** Opening TASK MATERIAL block **
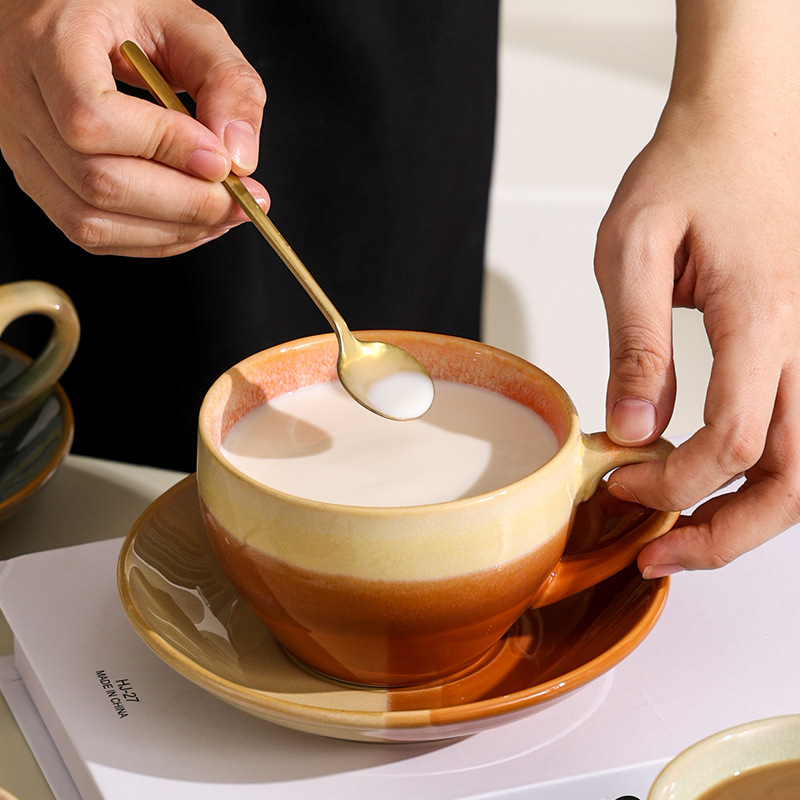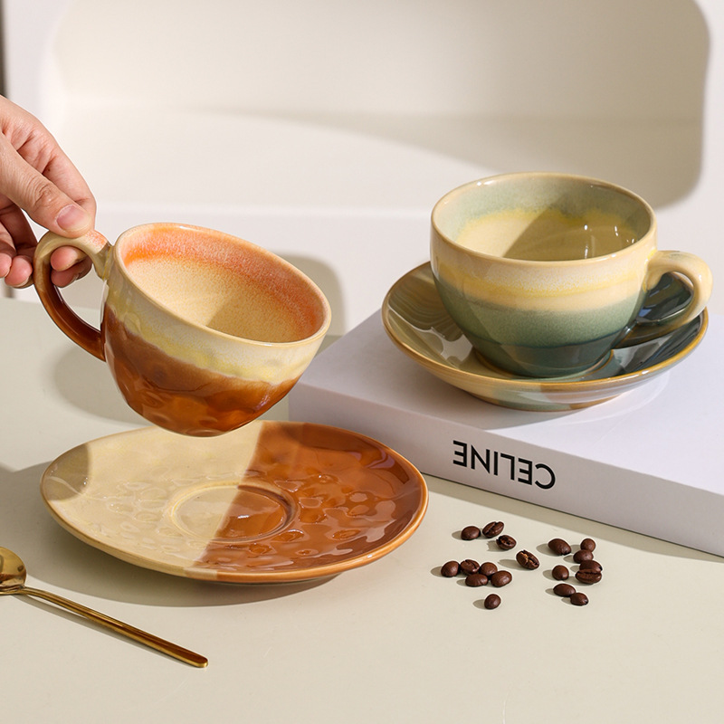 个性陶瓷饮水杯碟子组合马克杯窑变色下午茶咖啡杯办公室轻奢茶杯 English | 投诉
** Closing TASK MATERIAL block **
** Opening TASK MATERIAL block **
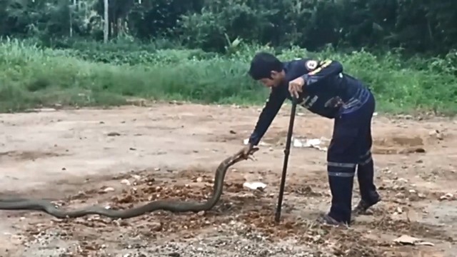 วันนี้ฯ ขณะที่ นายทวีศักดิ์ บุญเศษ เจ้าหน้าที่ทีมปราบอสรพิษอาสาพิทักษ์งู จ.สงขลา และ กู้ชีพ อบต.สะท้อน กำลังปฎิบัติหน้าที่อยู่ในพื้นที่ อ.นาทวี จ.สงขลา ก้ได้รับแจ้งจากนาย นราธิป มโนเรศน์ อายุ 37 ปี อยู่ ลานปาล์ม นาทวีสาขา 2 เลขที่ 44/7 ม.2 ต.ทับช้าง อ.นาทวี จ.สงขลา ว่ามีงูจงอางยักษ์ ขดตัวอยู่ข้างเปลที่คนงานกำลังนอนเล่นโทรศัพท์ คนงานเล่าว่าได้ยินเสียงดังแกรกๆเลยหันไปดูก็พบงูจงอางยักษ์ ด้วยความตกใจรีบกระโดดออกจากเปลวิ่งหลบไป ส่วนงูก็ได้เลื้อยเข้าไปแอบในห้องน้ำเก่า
** Closing TASK MATERIAL block **
** Opening TASK MATERIAL block **
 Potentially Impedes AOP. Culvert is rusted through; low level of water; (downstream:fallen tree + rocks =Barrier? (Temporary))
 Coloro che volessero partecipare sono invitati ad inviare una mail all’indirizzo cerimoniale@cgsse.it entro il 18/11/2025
** Closing TASK MATERIAL block **
# WHAT THE TASK REQUIRES:
Find where the line with "Potentially Impedes AOP." sits in the material above, then copy exactly from it through the line with "Coloro che volessero". Add no other line.

# WRITTEN REPLY:
 Potentially Impedes AOP. Culvert is rusted through; low level of water; (downstream:fallen tree + rocks =Barrier? (Temporary))
 Coloro che volessero partecipare sono invitati ad inviare una mail all’indirizzo cerimoniale@cgsse.it entro il 18/11/2025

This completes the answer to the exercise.